Parallel to battery electric vehicle developments, Chinese manufacturers have recalibrated their export strategy to emphasize plug-in hybrid technology, a category perceived as less politically contentious within European policy circles. The market share of Chinese plug-in hybrid vehicles in the EU has accelerated sharply, rising from a negligible 3 per cent in 2024 to 13 per cent currently. This expansion suggests Chinese producers are deliberately diversifying their product portfolio to circumvent concentration of tariff exposure while gradually acclimating European consumers to their technology and brand presence.
For Malaysian and Southeast Asian observers, these developments carry substantial implications. The tariff-induced reshuffling of global EV supply chains creates both opportunities and risks for the region. Southeast Asia's emerging position as a manufacturing hub for automotive components—particularly battery technology and semiconductor-adjacent functions—becomes increasingly valuable as Western and Chinese producers alike seek alternative sourcing beyond mainland China. Regional suppliers positioned in Vietnam, Thailand, and Indonesia may experience heightened demand as diversification becomes corporate imperative rather than cost optimization.
Conversely, the regionalization of EV production within Europe, and the anticipated localization of Chinese production through European facilities, may reduce opportunities for Southeast Asian manufacturers hoping to capture assembly and integration work that previously gravitated toward lower-cost jurisdictions.

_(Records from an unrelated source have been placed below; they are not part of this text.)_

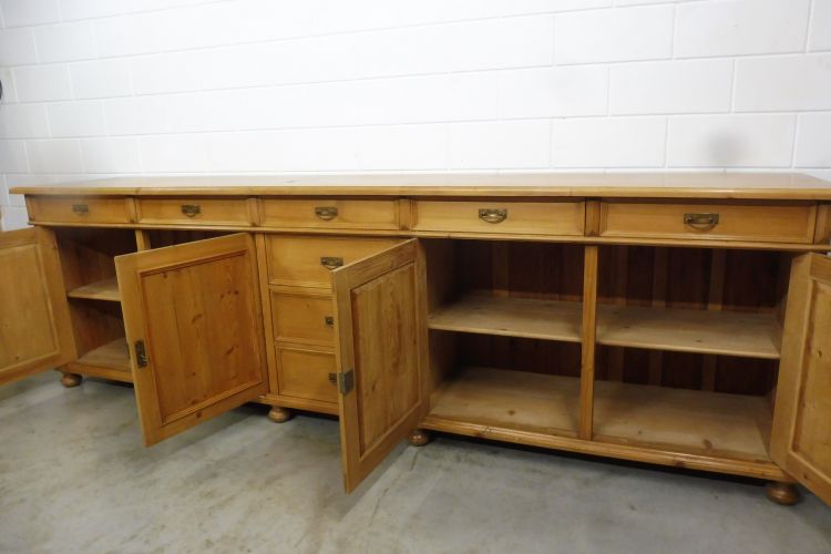 Sehr große Kommode Anrichte aus Weichholz. Komplett restauriert und behandelt mit wachs. Nicht zerlegbar. Wohnfertigen Zustand. Höhe 101cm Breite 328cm Tiefe 62cm
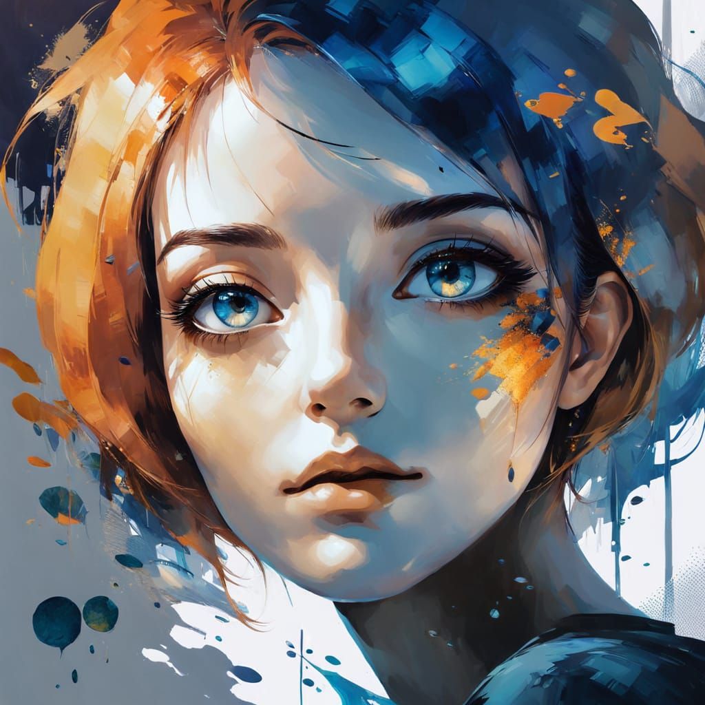 This image shows a stunning portrait of a young woman with short black hair and captivating glassy eyes. Created in a digital art style with a focus on realism.
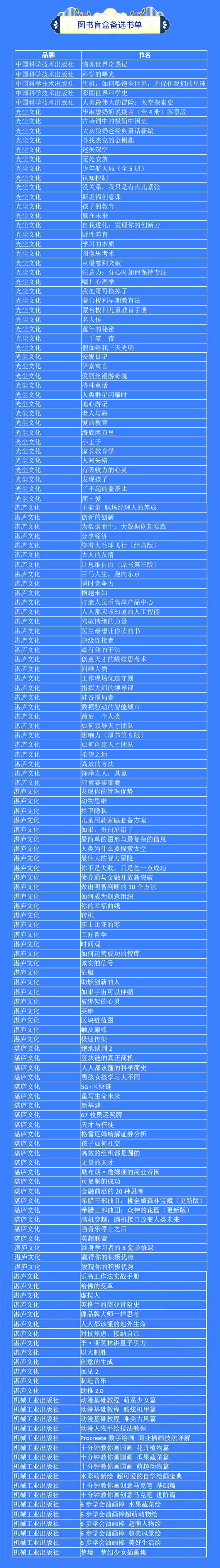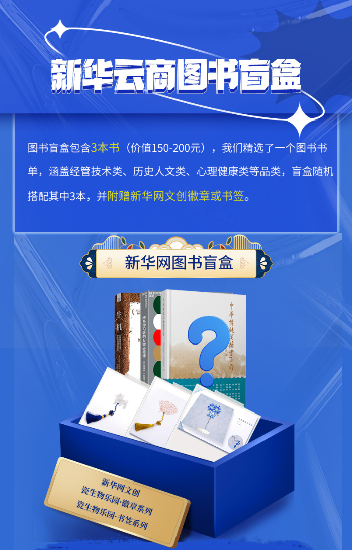 本次活動(dòng)由新華云商聯(lián)合機(jī)械工業(yè)出版社、中國科學(xué)技術(shù)出版社、光塵文化、湛廬文化共同推出。盲盒內(nèi)圖書涵蓋經(jīng)管技術(shù)類、歷史人文類、心理健康類等品類,將隨機(jī)搭配三本,可能與您的藏書重復(fù),或不符合您的閱讀愛好,請您慎重選擇理性購買。同時(shí),盲盒內(nèi)會(huì)附贈(zèng)新華網(wǎng)文創(chuàng)徽章或書簽。
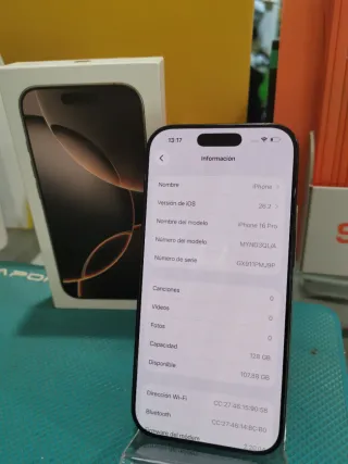 Este iPhone 16 Pro en color dorado tiene una capacidad de almacenamiento de 128GB. ✅ 95% - Diseño elegante y moderno. - Acabado metálico premium.

The tariff structure, by raising the cost disadvantage of distance, incentivizes production clustering near consumption rather than leveraging global arbitrage. This geography of protectionism reshapes competitive dynamics across Asia.
The broader narrative reflects how trade tensions between the United States, the European Union, and China are fragmenting automotive supply chains into regional blocs with distinct tariff and regulatory regimes. The EU's tariff approach, while framed as protection against unfair subsidization, functions simultaneously as industrial policy—deliberately making local production more economically attractive relative to imports. This logic extends beyond automobiles: as other sectors face similar tariff regimes, the incentive structure shifts manufacturing decisions away from global optimization toward regional self-sufficiency.
For Malaysia specifically, which maintains trade relationships across the tariff-divided landscape, the EV sector reconfiguration presents a moment for strategic positioning. The nation's automotive ambitions, historically focused on internal combustion engines, increasingly must account for how EV supply chains are reorganizing around protected markets. Whether Malaysia can attract investment in EV component manufacturing, battery assembly, or related functions depends partly on competitive positioning relative to other Southeast Asian nations and partly on whether the nation develops tariff-adjacent manufacturing advantages for serving regional demand.
The transformation underway is not merely a temporary market correction but reflects deeper structural changes in how multinational manufacturers approach global operations under intensifying protectionist pressure. Western automakers have learned that maintaining European market access requires European production; Chinese manufacturers are learning that European expansion requires European facilities. The era of manufacturing arbitrage across continents, where simple cost differentials drove location decisions, has yielded to an epoch where political risk and regulatory access shape capital allocation more powerfully than labor cost advantages alone.